Emery sang a phrase of an old song about not wanting to set the world on fire, and laughed.
Then, quite soberly, he asked, “And what by the way the hell is it?”
Nelson shook his head. “There’s something about the position of that ring of fire that niggles me way back in here somewhere,” he answered, touching himself on the back of the head.
“Just over the equator . . .?”
“It isn’t just over. It’s canted a little.”
“Magnetic equator,” Emery suggested.
“By God,” said the Admiral in tones of revelation. At this point they stepped into the main control room, just under the conning tower, and paused.
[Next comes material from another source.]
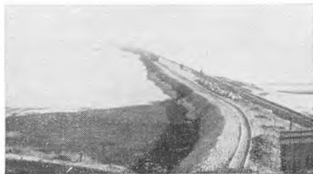
Dæmningen set fra Rømø

There was a tight cluster of personnel there, those not directly concerned with the dive staring upward. Two submariners were guiding the feet of a man on the ladder; above the man, two others held him from above. “The man from the ice-floe,” said Nelson.
“Easy there.” It was Dr. Jamieson. Nearby stood Dr. Hiller, as always watchfully studying faces.
The man was brought to deck level. He stood wavering for a moment, and they had an impression of heavy brow-ridges making black caves of the eyes, caves in which, far back, small lights like fires burned. The face was flushed and feverish. Dr. Jamison took one of his arms, the CPO Gleason the other, and they turned him aft toward the sick bay. Jamieson looked at Susan Hiller. “Doctor—you might be able to help here.”
“Glad to,” said the psychologist, and followed the castaway as he was led aft.
“How’d it go, Jimmy?”
The redheaded seaman swung around and blinked shyly as he found himself face to face with the Admiral. “All right, sir, fine. He’s in pretty good shape, except . . .”
“Except what, Jimmy?”
“Except he’s buggy, sir.” The young sailor blushed suddenly. “I mean he’s well, buggy.”
“Buggy, like with two wheels and a buggy-whip?” Emery twinkled.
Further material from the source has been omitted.